反動はどれくらいか、射程距離の感覚、そういったものを体感して、なるべく覚えてもらいたい︎︎」
︎︎燈里は義己と組んで、榎田たちから指示されるままに組手のようなことをする。
「まさか、久しぶりに学校に来たら、燈里も風紀委員会かよ」
「まあ、なんか覚醒したっぽい」
「そっか……あれ、でも『あの日』ってお前、怪我してないよな?」
「そういう義己っちだって、ムーンディスクでは怪我してないじゃん。
擦り傷と打撲くらいでしょ︎︎」
「ああ、そう言われりゃそうか。
じゃあ、直井教授が発表したムーンディスクが体内吸収時に肉体を破損させる可能性があるとか言ってたのは、間違いってことか……︎︎」
「大怪我してる人もたくさんいるから、間違いってことでもないんじゃない?
薬とか個人差がありますってよく言われるし……︎︎」
「たしかにな。
そんで、燈里はどんな幻獣のムーンディスクなんだ?︎︎」
「いや、まあ、それは……」
「俺のはたぶん、ミノタウロスってやつだ。
頭の中にイメージが響くんだよ……なんかムーンディスクの過去の境遇?みたいなやつがさ。
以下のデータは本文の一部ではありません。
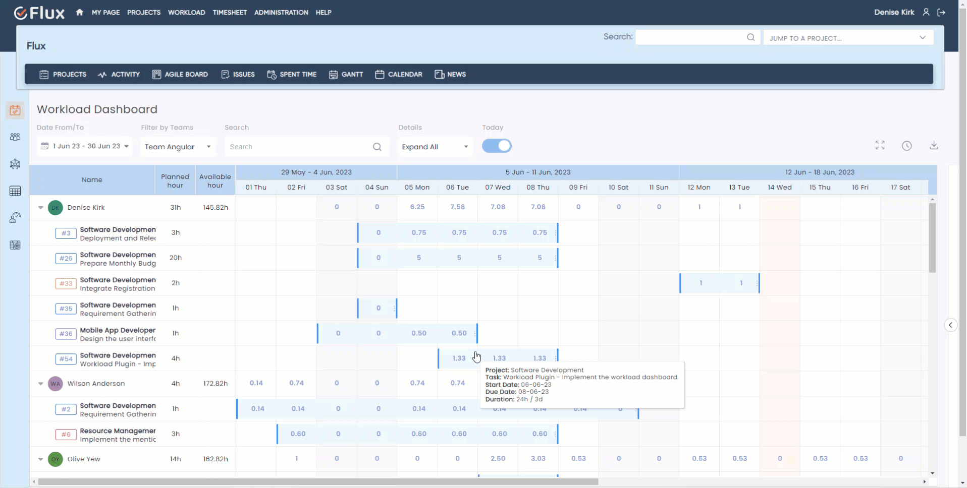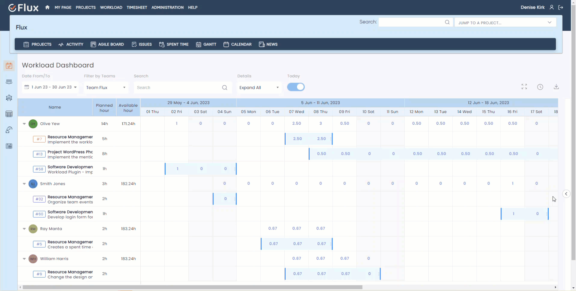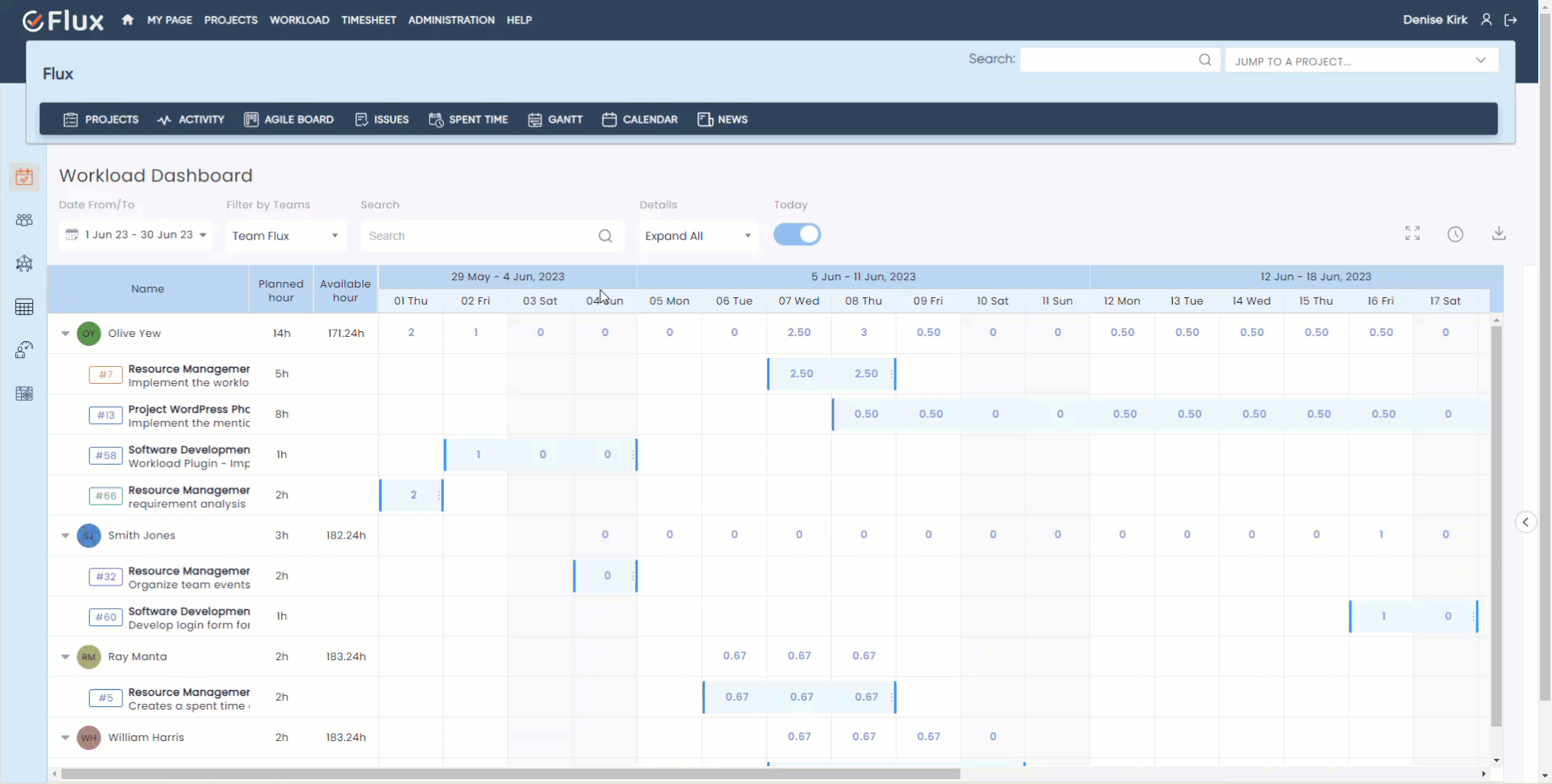 The Redmineflux Workload plugin is a powerful tool that helps you manage your team’s resources and capacity. It allows you to track estimated time on tasks, create resource schedules and visualize workload. The plugin visualizes workload by showing you how much time each resource has available. This helps you to identify potential bottlenecks and ensure that your team is not overloaded.

気になって調べたら、ミノタウロスってのがそっくりだった……︎︎︎︎︎︎」
「そ、そうなんだ……俺は……なんか、兎かな」
「うん?」
「だから、うさ、ぎかな?」
「うさ?」
「怪我の治りが早いやつ……」
「お、おう……」
︎︎なんとなくいたたまれない表情をして、義己はそれ以上、踏み込まないことにしたようだった。
「よし、そこまで。
それじゃあ、最後、射撃訓練をやる︎︎」
︎︎そうして、各自一発ずつの射撃訓練をやった。
︎︎予算と資材の関係で一発ずつの訓練だが、皆、その反動の大きさに驚いていた。
「今、一番余っているのがロケット燃料なもんでね。それを流用した結果がコレだ。
皆も分かっているとは思うが、この島に資源なんてものはない。
限りある資材で、一日でも早く復興を目指し、元の日常を取り戻すことこそ、我々の目指す道だ。
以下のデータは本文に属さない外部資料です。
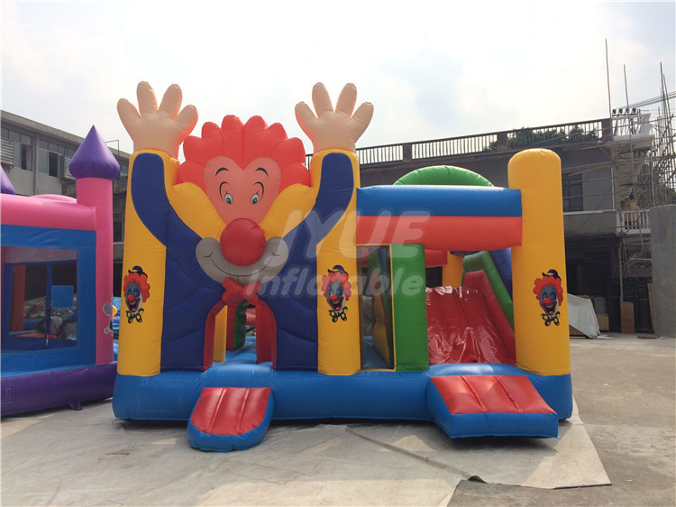 Clown Inflatable Bouncy Castle Combo become more and more popular in the fun city park. it is one kind of bounce house combo with slide, obstacle courses, games and so on. Its design is specific, there are many shapes exist in our company. Kids in the inflatables will always enjoy themselves. It is a new shape inflatable for kids.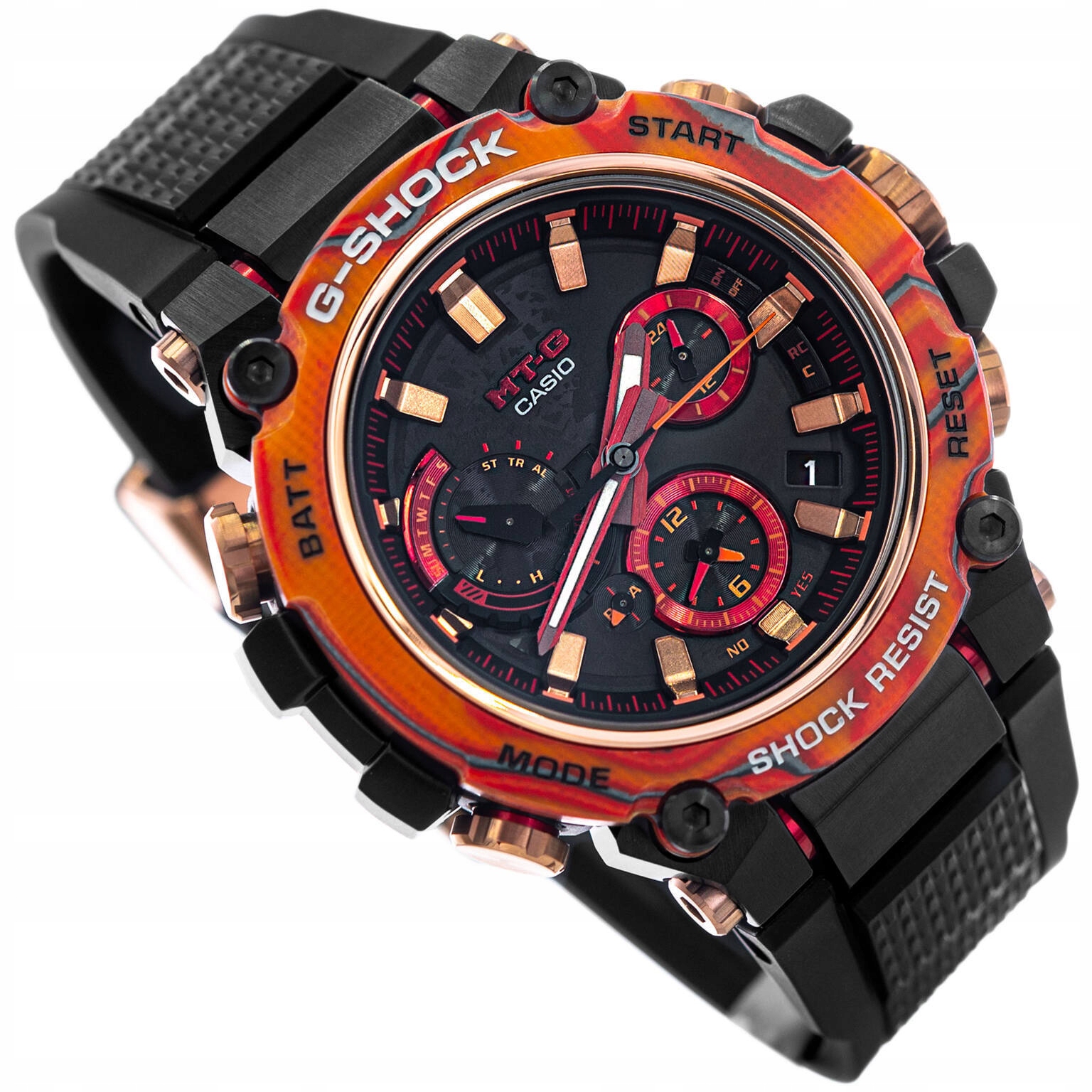 Новий, оригінальний CASIO MTG-B3000FR-1AER Exclusive 40th Anniversary Flare Red Limited Edition є однією з найсучасніших моделей G-Shock, що робить її унікальною серед обмежені колекції годинників. Це унікальне поєднання інноваційних матеріалів і передових технологій, які протягом багатьох років визначали годинники Casio як надійні та надзвичайно міцні. Модель MTG-B3000FR-1AER, підготовлена спеціально до 40-річчя бренду G-Shock, відрізняється унікальним дизайном, якому немає рівних.

それと、これはあくまでも任意ではあるが、我々は覚醒者からのムーンディスク除去を研究している。興味がある者はぜひ、一度話をさせて欲しい︎︎︎︎︎︎」
︎︎榎田は今日の訓練をそう締めくくった。
︎︎日常を取り戻す。それは『あの日』より前の日常なのだと、榎田は語るのだった。